CDP Private Cloud Base brings business value to enterprises by analyzing their disparate data sources and deriving actionable insights from them. This analytics journey typically starts with consolidation of different data silos to form an Active Archive . The Active Archive is then used to get a single view of the customer and perform further predictive analytics on them.
With IBM Spectrum Scale, clients can build highly scalable and globally distributed data lakes to form their Active Archives. IBM Spectrum Scale becomes the storage layer for your CDP Private Cloud Base environment as an alternative to native Hadoop Distributed File System (HDFS). It supports the access of the data by using HDFS Remote Procedure Calls (RPC) and is not apparent to the applications that use CDP Private Cloud Base. With IBM Spectrum Scale, you get more flexible deployment models for your storage system that help you optimize infrastructure costs.
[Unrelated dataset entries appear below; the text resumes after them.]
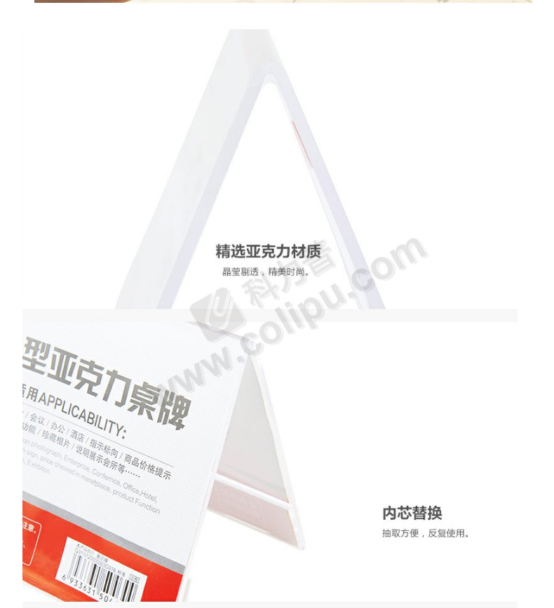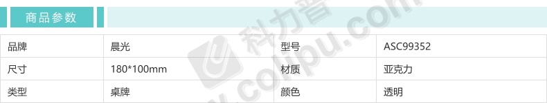 得力 V型亚克力桌牌 9292 150*60mm 透明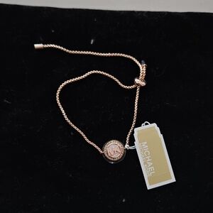 Chic bracelet with iconic MK logo. Gleaming rose gold finish. Ideal for any occasion.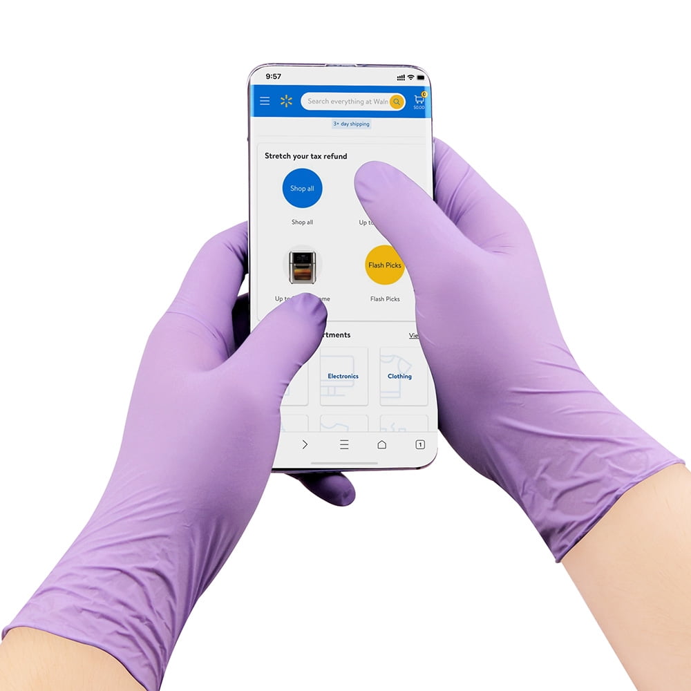 The Nitrile Gloves are ideal for individuals sensitive to natural rubber latex and donning powder,provide a higher level of protection against liquids,gases,sharp objects.Provide optimal protection for your health. The Nitrile Gloves are more flexible and elastic,better fit the hand shape.Easy to put on and take off with fast removal even in wet conditions.4 Mil thickness material provides extra tear and puncture resistance.Smooth finish with textured fingertips and beaded cuff for superior grip and texture in wet or dry conditions.The Nitrile Gloves even can be used with many touchscreen phones and devices.Designed for household cleaning,gardening,kitchen,lab work,painters,hair coloring specialists,pet care,tatoo,etc.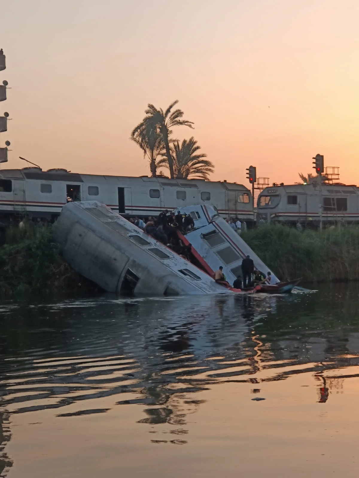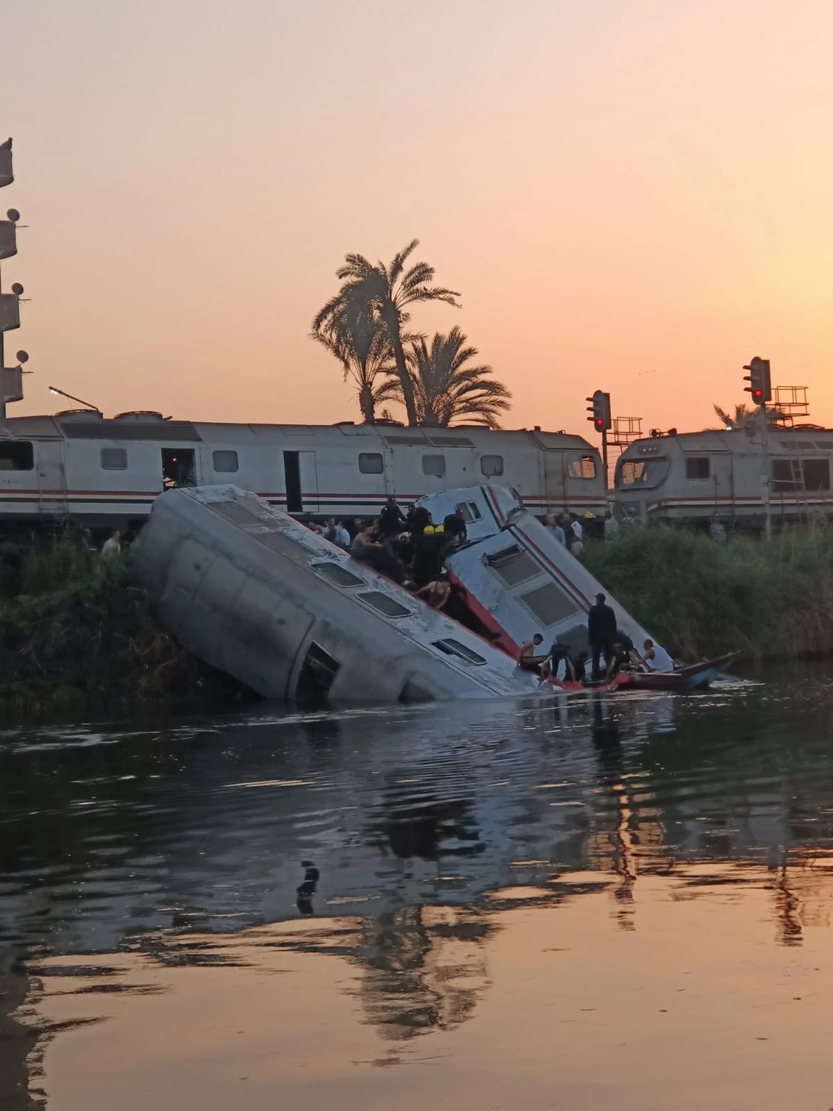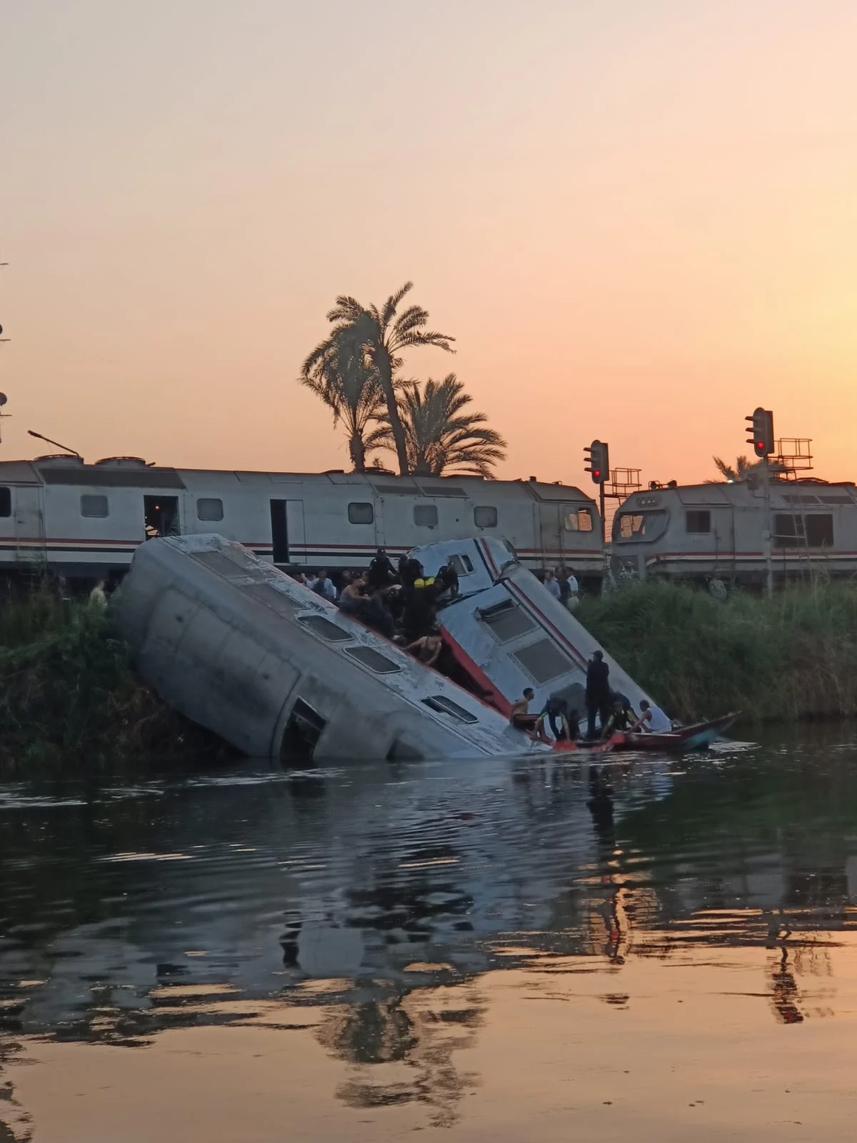 وقعوا في الترعة.. ننشر أول صور وفيديوهات من حادث قطار المنيا

IBM Spectrum Scale and CDP Private Cloud Base were first certified with IBM Spectrum Scale V5.1 and CDP 7. Since the first certification, CDP Private Cloud Base and IBM signed an agreement to certify both the products on an ongoing basis for their new releases and keep the certification current. (For more information about certified software levels, see .) This certification is for IBM Spectrum Scale software and applies to all deployment models of IBM Spectrum Scale, including IBM Elastic Storage System.
Benefits of integration
The following top benefits are realized by using IBM Spectrum Scale with CDP Private Cloud Base:
Extreme scalability with parallel file system architecture
IBM Spectrum Scale is a parallel architecture. With a parallel architecture, no single metadata node can become a bottleneck. Every node in the cluster can serve both data and metadata, which enables a single IBM Spectrum Scale file system to store billions of files. This architecture enables clients to grow their CDP Private Cloud Base environments seamlessly as the data grows. Also, one of the key value propositions of IBM Spectrum Scale, especially with IBM Elastic Storage System (ESS), is running diverse and demanding workloads, plus the ability to tier down to Active Archive.
A global namespace that can span multiple Hadoop clusters and geographical areas
Using IBM Spectrum Scale global namespace, clients can create active, remote data copies and enable real-time, global collaboration. This namespace enables global organizations to form data lakes across the globe, and host their distributed data under one namespace.
IBM Spectrum Scale also enables multiple Hadoop clusters to access a single file system while still providing all the required data isolation semantics.